Skip to content

transformations

transformations #

This file is intended to provide the default transformation which need to be applied to input text in order to compute the WER (or similar measures).

It also implements some alternative transformations which might be useful in specific use cases.

cer_contiguous module-attribute #

cer_contiguous = tr.Compose(
    [
        tr.Strip(),
        tr.ReduceToSingleSentence(),
        tr.ReduceToListOfListOfChars(),
    ]
)

This can used instead of cer_default when the number of reference and hypothesis sentences differ.

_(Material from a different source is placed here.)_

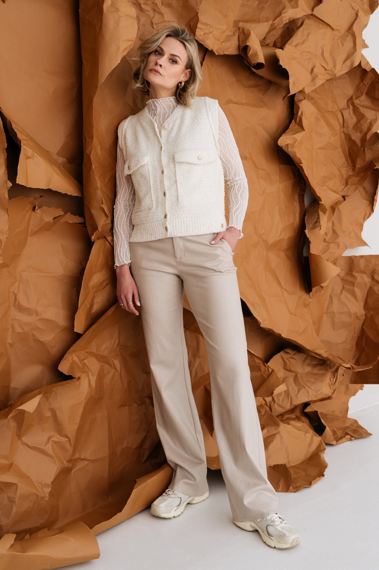 Deze leuke broek genaamd Brando heeft de kleur sand met gouden strepen. Leuk detail!

cer_default module-attribute #

cer_default = tr.Compose(
    [tr.Strip(), tr.ReduceToListOfListOfChars()]
)

This is the default transformation when using process_characters. Each input string will have its leading and tailing white space removed. Then each string is transformed into a list with lists of strings, where each string is a single character.

wer_contiguous module-attribute #

wer_contiguous = tr.Compose(
    [
        tr.RemoveMultipleSpaces(),
        tr.Strip(),
        tr.ReduceToSingleSentence(),
        tr.ReduceToListOfListOfWords(),
    ]
)

This is can be used instead of wer_default when the number of reference and hypothesis sentences differ.

wer_default module-attribute #

wer_default = tr.Compose(
    [
        tr.RemoveMultipleSpaces(),
        tr.Strip(),
        tr.ReduceToListOfListOfWords(),
    ]
)

This is the default transformation when using proces_words. Each input string will have its leading and tailing white space removed. Thereafter multiple spaces between words are also removed. Then each string is transformed into a list with lists of strings, where each string is a single word.

wer_standardize module-attribute #

wer_standardize = tr.Compose(
    [
        tr.ToLowerCase(),
        tr.ExpandCommonEnglishContractions(),
        tr.RemoveKaldiNonWords(),
        tr.RemoveWhiteSpace(replace_by_space=True),
        tr.RemoveMultipleSpaces(),
        tr.Strip(),
        tr.ReduceToListOfListOfWords(),
    ]
)

This transform attempts to standardize the strings by setting all characters to lower case, expanding common contractions, and removing non-words. Then the default operations are applied.

wer_standardize_contiguous module-attribute #

wer_standardize_contiguous = tr.Compose(
    [
        tr.ToLowerCase(),
        tr.ExpandCommonEnglishContractions(),
        tr.RemoveKaldiNonWords(),
        tr.RemoveWhiteSpace(replace_by_space=True),
        tr.RemoveMultipleSpaces(),
        tr.Strip(),
        tr.ReduceToSingleSentence(),
        tr.ReduceToListOfListOfWords(),
    ]
)

This is the same as wer_standize, but this version can be usd when the number of reference and hypothesis sentences differ.